### Data records:
|---|

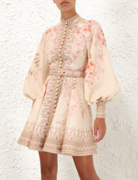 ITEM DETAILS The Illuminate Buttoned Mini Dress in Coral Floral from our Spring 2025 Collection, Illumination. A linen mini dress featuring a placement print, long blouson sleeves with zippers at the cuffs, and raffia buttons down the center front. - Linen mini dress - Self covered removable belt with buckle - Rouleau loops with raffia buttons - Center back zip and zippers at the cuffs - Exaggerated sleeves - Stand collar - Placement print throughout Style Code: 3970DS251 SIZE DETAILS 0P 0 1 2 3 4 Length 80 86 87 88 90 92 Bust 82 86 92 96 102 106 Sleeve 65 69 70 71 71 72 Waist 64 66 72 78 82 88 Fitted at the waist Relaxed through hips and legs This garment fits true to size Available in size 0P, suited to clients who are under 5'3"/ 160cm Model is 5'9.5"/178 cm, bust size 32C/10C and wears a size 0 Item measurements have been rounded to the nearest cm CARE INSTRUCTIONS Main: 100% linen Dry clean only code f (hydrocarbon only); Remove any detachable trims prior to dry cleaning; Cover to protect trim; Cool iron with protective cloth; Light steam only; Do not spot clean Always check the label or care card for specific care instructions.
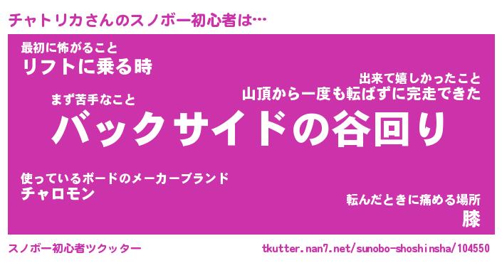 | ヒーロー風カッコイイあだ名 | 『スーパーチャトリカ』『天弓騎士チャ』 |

|---|

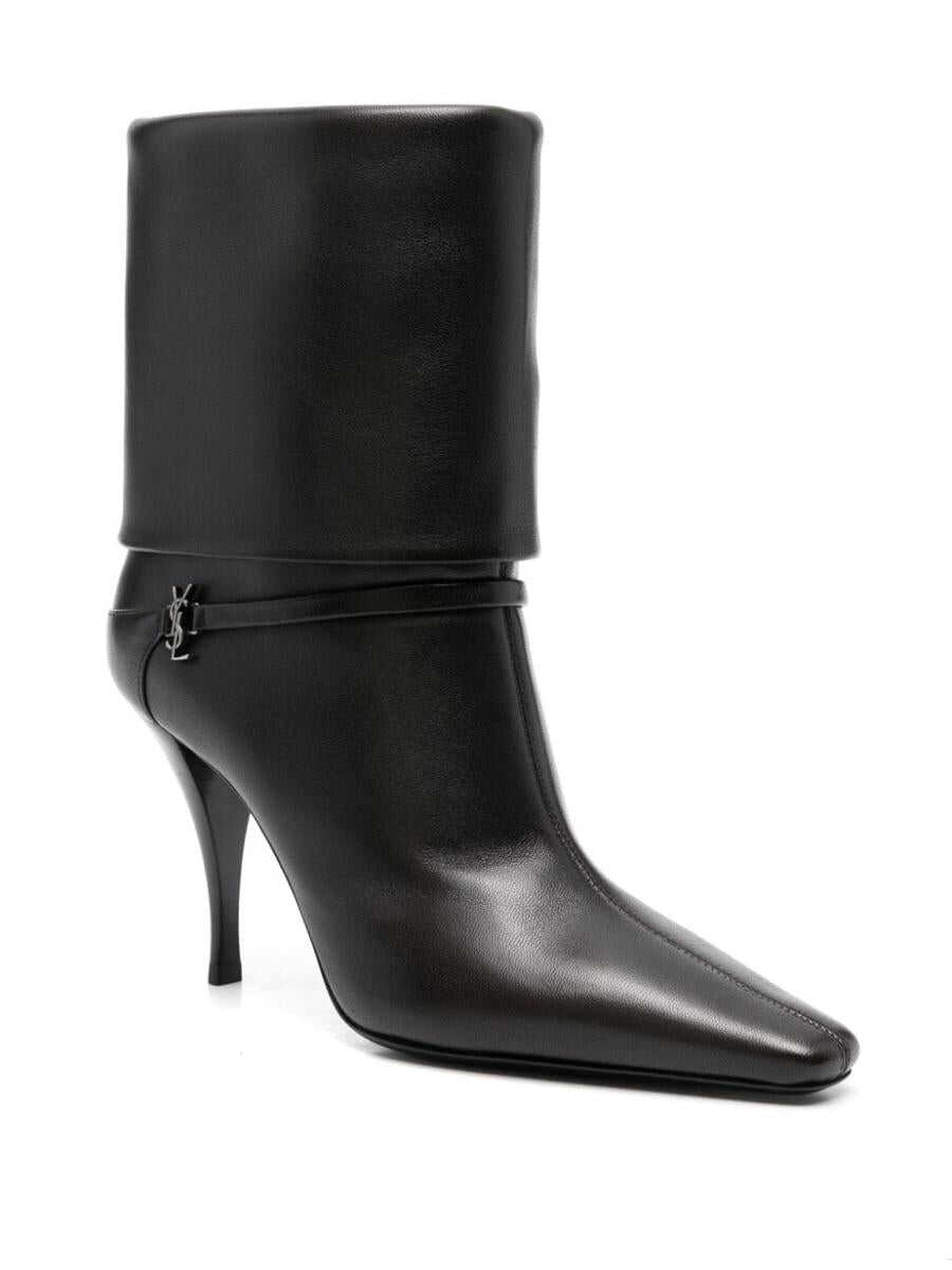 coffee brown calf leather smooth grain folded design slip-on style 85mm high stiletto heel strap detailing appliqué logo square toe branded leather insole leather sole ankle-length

|---|

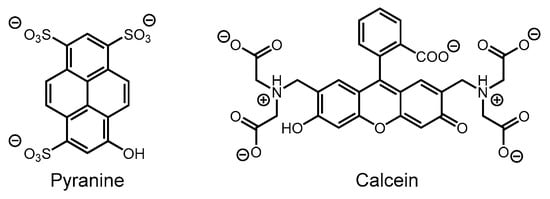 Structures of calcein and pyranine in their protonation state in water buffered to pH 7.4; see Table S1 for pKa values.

|---|

### What to produce:
The lines above from the line with "ITEM DETAILS The" through the line with "ヒーロー風カッコイイあだ名 | 『スーパーチャトリカ』『天弓騎士チャ』 |" are to be given again word for word, with no pictures among them.

### Solution for this exercise:
 ITEM DETAILS The Illuminate Buttoned Mini Dress in Coral Floral from our Spring 2025 Collection, Illumination. A linen mini dress featuring a placement print, long blouson sleeves with zippers at the cuffs, and raffia buttons down the center front. - Linen mini dress - Self covered removable belt with buckle - Rouleau loops with raffia buttons - Center back zip and zippers at the cuffs - Exaggerated sleeves - Stand collar - Placement print throughout Style Code: 3970DS251 SIZE DETAILS 0P 0 1 2 3 4 Length 80 86 87 88 90 92 Bust 82 86 92 96 102 106 Sleeve 65 69 70 71 71 72 Waist 64 66 72 78 82 88 Fitted at the waist Relaxed through hips and legs This garment fits true to size Available in size 0P, suited to clients who are under 5'3"/ 160cm Model is 5'9.5"/178 cm, bust size 32C/10C and wears a size 0 Item measurements have been rounded to the nearest cm CARE INSTRUCTIONS Main: 100% linen Dry clean only code f (hydrocarbon only); Remove any detachable trims prior to dry cleaning; Cover to protect trim; Cool iron with protective cloth; Light steam only; Do not spot clean Always check the label or care card for specific care instructions.
 | ヒーロー風カッコイイあだ名 | 『スーパーチャトリカ』『天弓騎士チャ』 |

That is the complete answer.